Dua catatan di atas yang mendasari tulisan saya di bawah ini.
##
Setelah ucapan AMH terpublikasi luas, seorang politisi Nasional, menanggapinya secara miring; sambil menuding bahwa pernyataan AMH bernuansa SARA. Sebaliknya, mayoritas publik yang sudah resah dengan kegiatan anomali kelompok WKA, menilai pernyataan AMH sangat tepat, dan harus didukung.
Dukungan publik terhadap pernyataan AMH tersebut, agaknya akibat dari penantian publik selama bertahun-tahun, bahwa ada tokoh Nasional yang berani mengungkapkan tentang sepak terjang para WNI Keturunan Arab tersebut.
Lalu, apakah ucapan AMH itu, bisa disebut sebagai ungkapan rasis, ujar kebencian, serta bernuansa sentimen SARA? Tentu saja tidak.
Sebab, sebagaimana pengakuan AMH, ia hanya mengingatkan semua elemen bangsa agar tidak terprovokasi dengan hal-hal yang bersifat perlawanan terhadap pemerintah, memusuhi sesama anak bangsa, dan mencaci pemimpin Negara.

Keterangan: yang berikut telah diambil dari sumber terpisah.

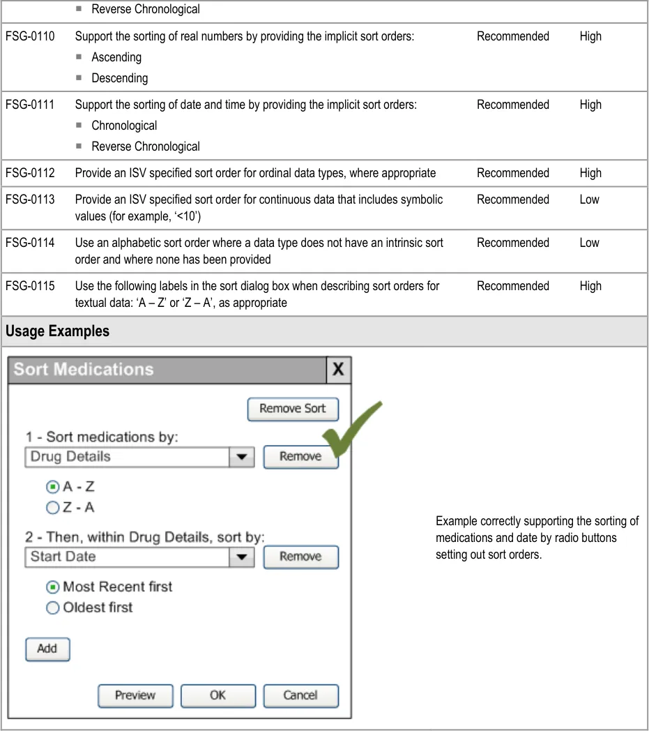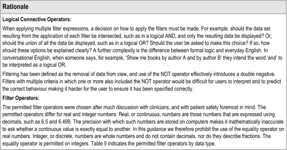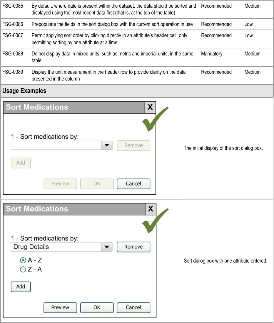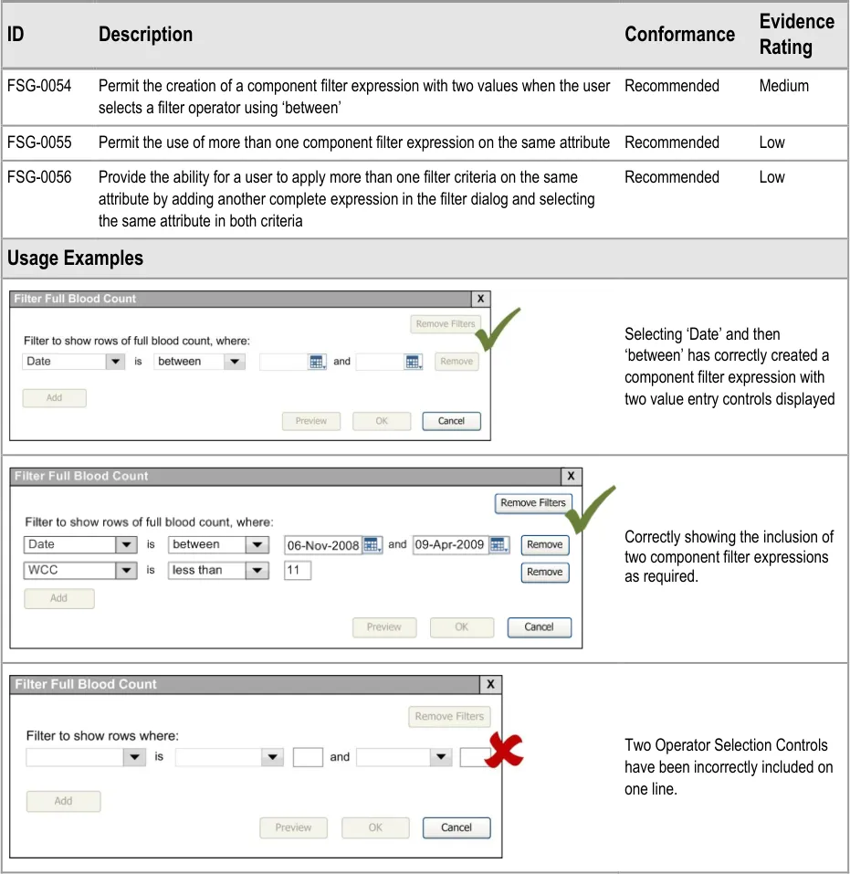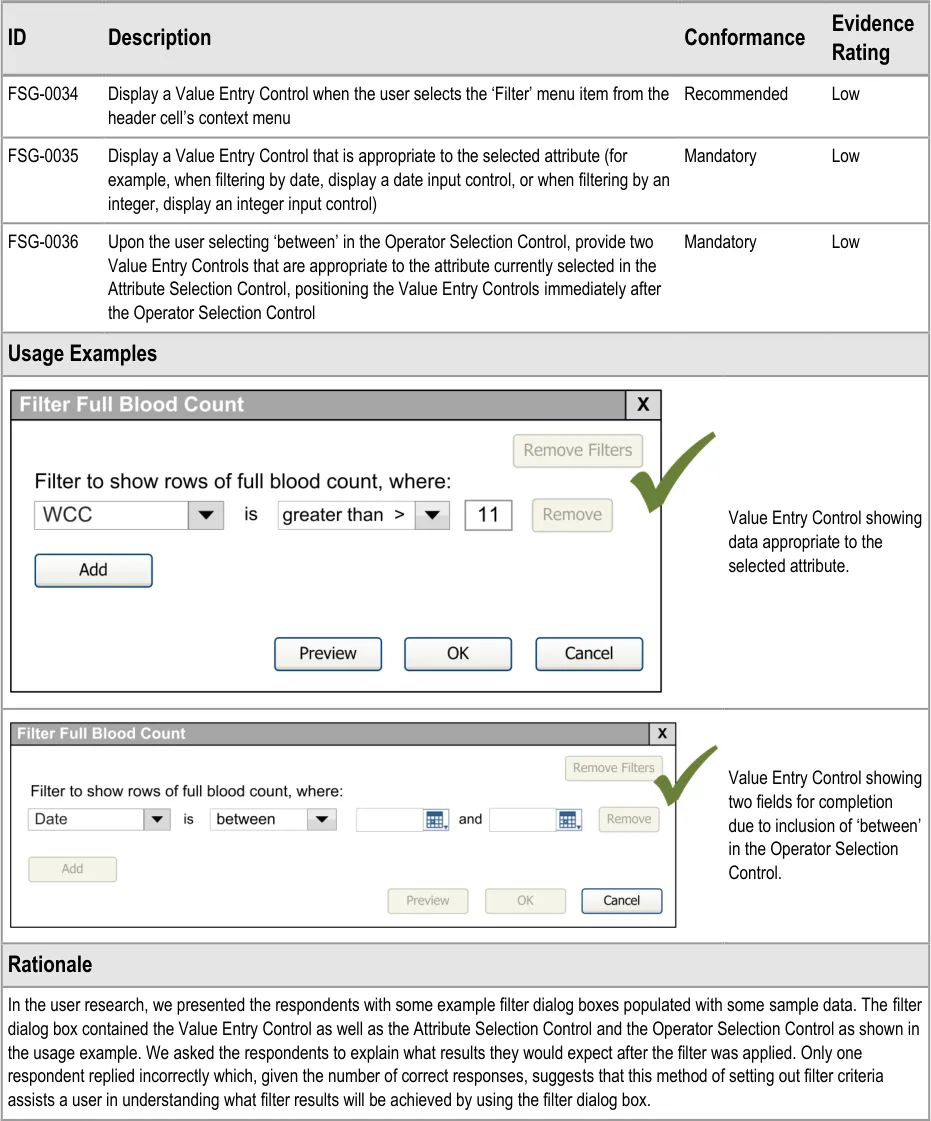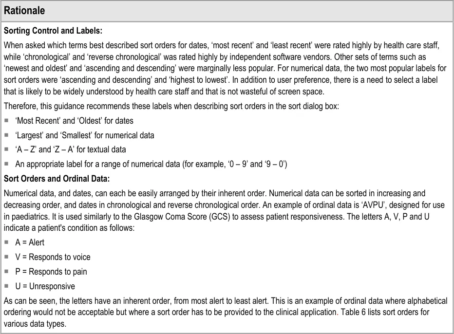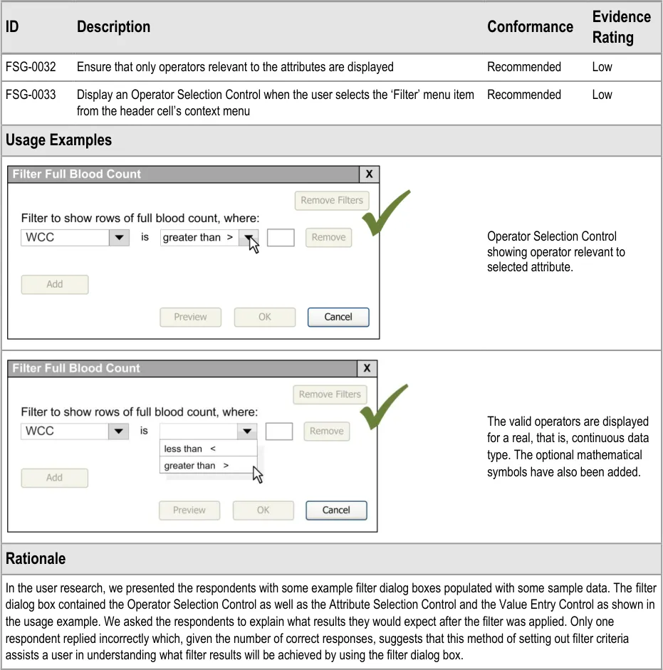 This document provides guidance for the design of application functionality to filter, sort and group any clinical data within a single patient record displayed in a tabular form. It describes the area of focus, lists mandatory and recommended guidance points with usage examples and explains the rationale behind the guidance.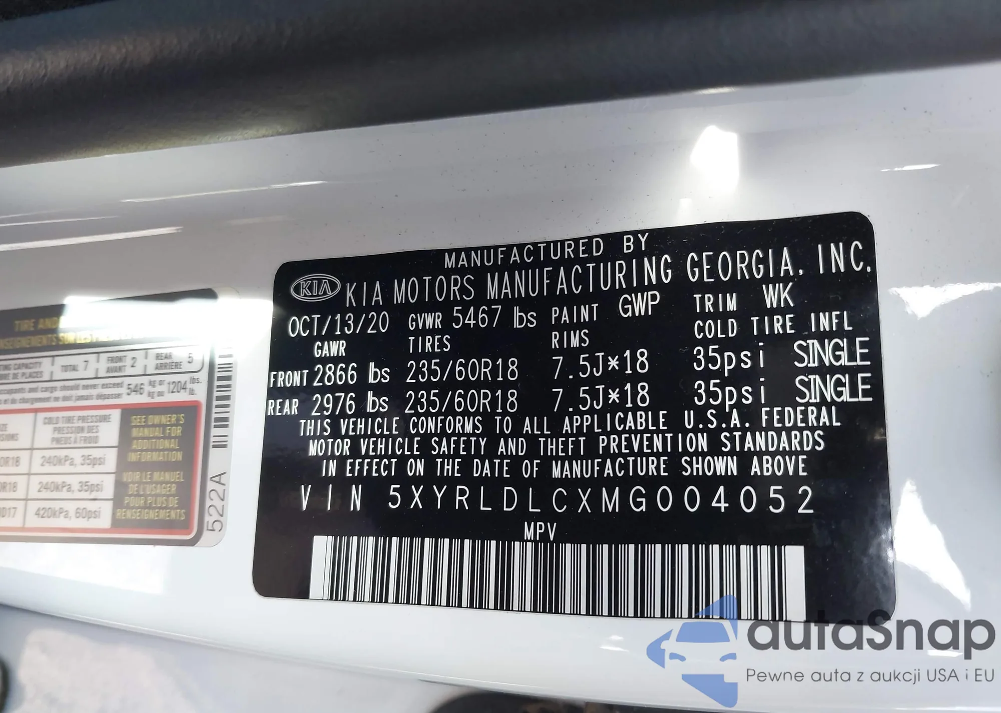 • VIN 5XYRLDLCXMG004052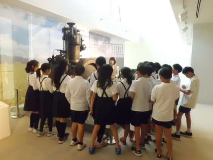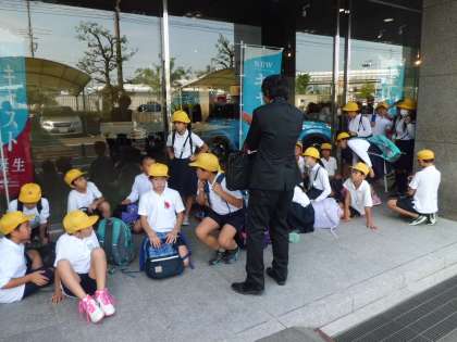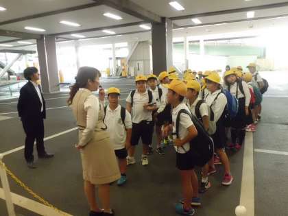 10月20日(火)、5年生が社会見学で、ダイハツ工業池田工場へ行きました。とても大きな工場で、甲子園球場の約3.5倍の面積があります。見学は、今まで生産されてきた車が展示されているスペースやいろいろな体験ができるスペースから始まりました。体験スペースでは、パソコンを使って車を設計することができました。工場見学では、実際に車を生産しているラインをまじかで見ることができました。多くの人の手を経て、車が生産されることがよくわかりました。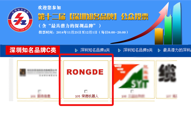 2014年,深圳市榮德機器人科技有限公司作為國家級高新技術企業,廣東省名牌產品,成功入選第十二屆“深圳知名品牌”評選活動,并定于2014年11月25日至12月1日(每天8:00-20:00)進行公眾投票,投票結果直接決定公司是否被評選上。所以特請各位朋友幫忙榮德公司投上一票。謝謝!投票具體規則如下: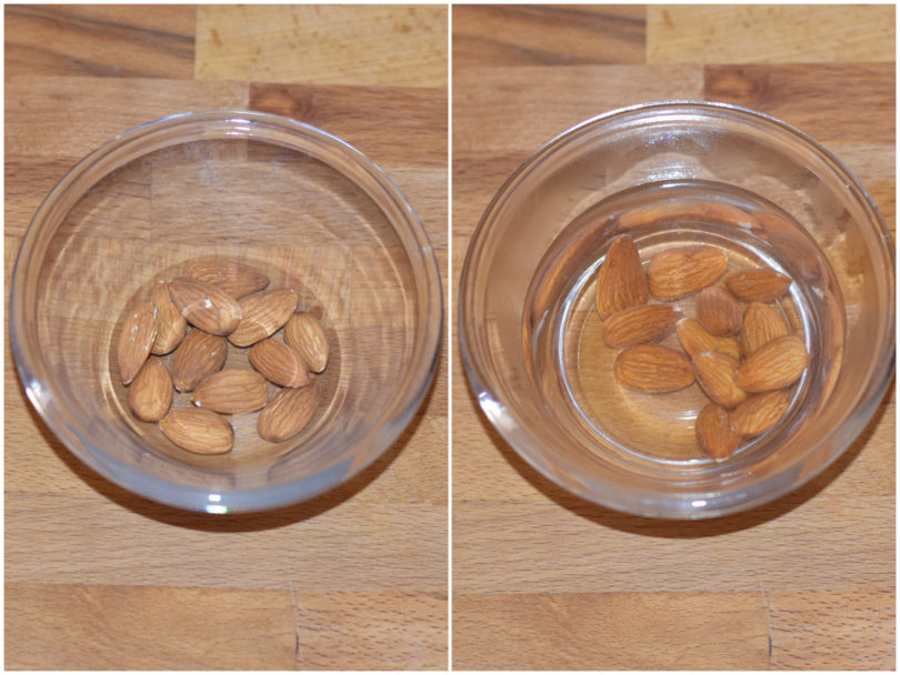 Nel frattempo mettete le mandorle in ammollo in acqua bollente e lasciatele così per 10 minuti.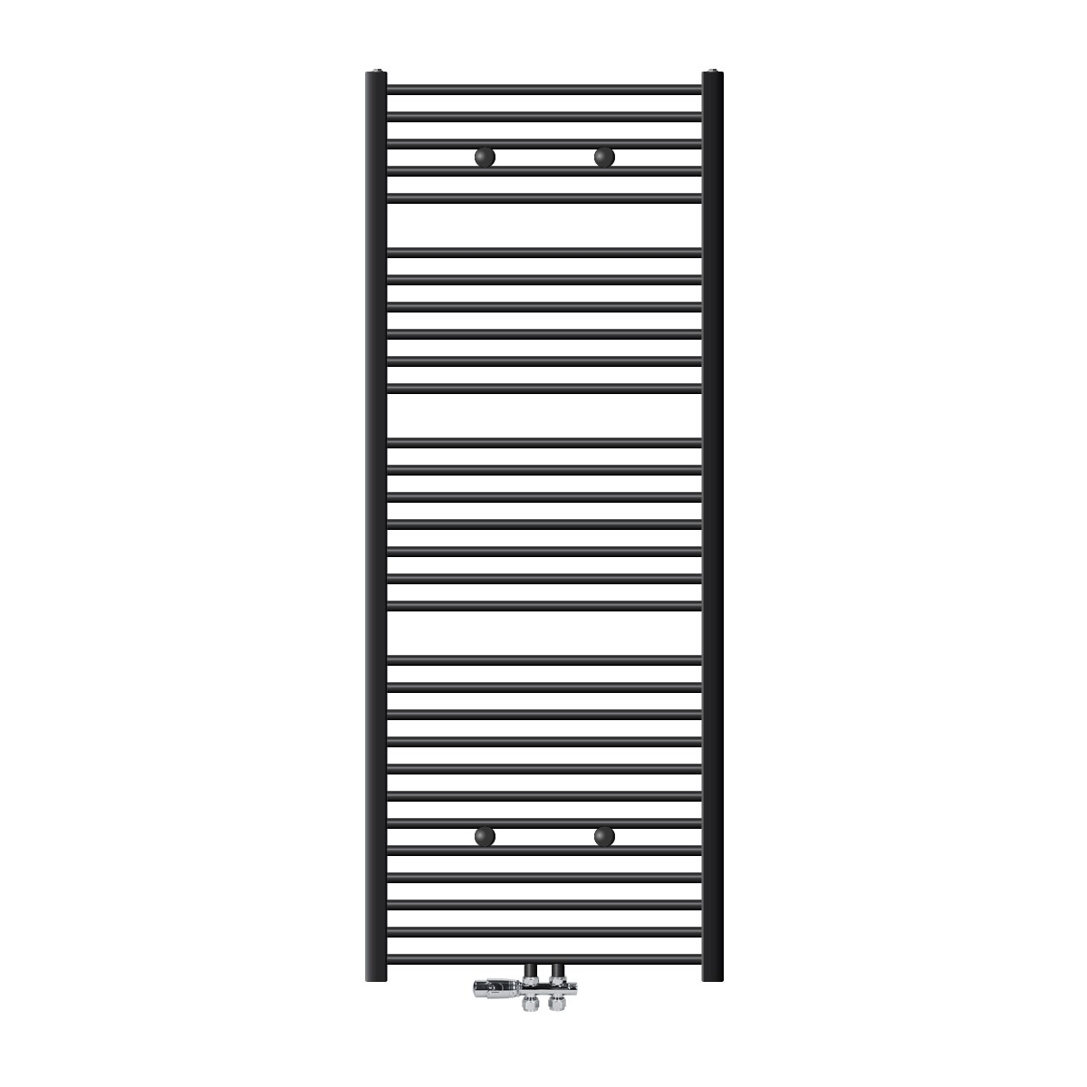 LuxeBath ECD Germany Badheizkörper 750x1800 mm Anthrazit | Mittelanschluss, gerade, Thermostat, Anschlussgarnitur Durchgang Boden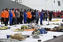 The National Search and Rescue Agency (Indonesian: BASARNAS) immediately deployed personnel to the crash site[46] while the National Police and the Ministry of Transportation set up crisis centres in Port of Tanjung Priok[47] and Soekarno–Hatta International Airport.[48] The Indonesian Navy deployed a number of vessels for the search and rescue operations, in addition to helicopters and KOPASKA (frogman) personnel.[49]

Selain itu, berdasar fakta dan jejak digital, misalnya ucapan-ucapan Riziek Shihab (dari Arab) dan Yusuf Martak cs, akhir-akhir ini, pasca Pilpres, sepertinya tak terhalangi oleh siapa pun.
Mereka dengan mudah menyampaikan orasi dan narasi kebencian serta upaya agar rakya tidak percaya pada Pemerintah, Bawaslu, dan KPU. Bahkan dari Arab, Riziek berseru perang; plus Amin Rais dan Eggi Sudjana berteriak people power.
Dengan seruan seperti itu, pelan tapi pasti, menimbulkan kebingungan dan kegaduhan publik. Dan, jika dibiarkan, mak tidak menutup kemungkinan terjadi kerusuhan horisontal di area publik.
Oleh sebab itu, pernyataan AMH tersebut di atas, harus dilihat sebagai peringatan untuk semua. Peringatan agar semua pihak, di Negeri ini, waspada terhadap segala jenis bentuk orasi, narsai, tindakan, ajakan atau apa pun yang berujung pada perpecahan bangsa.